On 21 April 1820, one such demonstration most definitely did. According to physics lore, Hans Christian Øersted was attempting to demonstrate to his students that, according to the scientific understanding of the day, there was in fact no connection between magnetism and electricity.
To this laudable end, he placed a compass needle near to a wire to show that when the current was switched on, the needle would not be affected.
Except that it was affected. Frequently.

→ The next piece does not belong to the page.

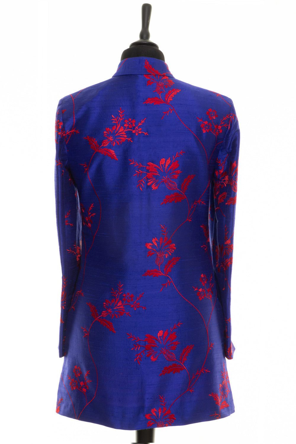 Blue embroidered silk with red floral pattern, this longline jacket has a classic Nehru style collar. A very popular jacket which is designed to be worn open and looks best when worn with trousers, a great length if you like to have your bottom covered! Simple and stylish, with no pockets and small vents at the sides. Wear this women’s mid length jacket to the races, opera, a wedding, a party or out for lunch. Wherever you wear it you will feel incredible!

Each and every time Øersted switched on the electric current, the needle was deflected from pointing North.
Everybody has heard that wise old saw that ‘If it doesn’t work, it’s physics…” except that in this case ‘It did actually work as it was supposed to but in an unexpected way due to a hitherto-unknown-completely-new-branch-of-physics.’
Øersted, to his eternal credit, did not let it lie there and was a pioneer of the new science of electromagnetism.
Push-me-pull-you: or, two current-carrying conductors
One curious consequence of Øersted’s new science was the realisation that, since electric currents create magnetic fields, two wires carrying electric currents will exert a force on each other.
Let’s consider two long, straight conductors placed parallel to each other as shown.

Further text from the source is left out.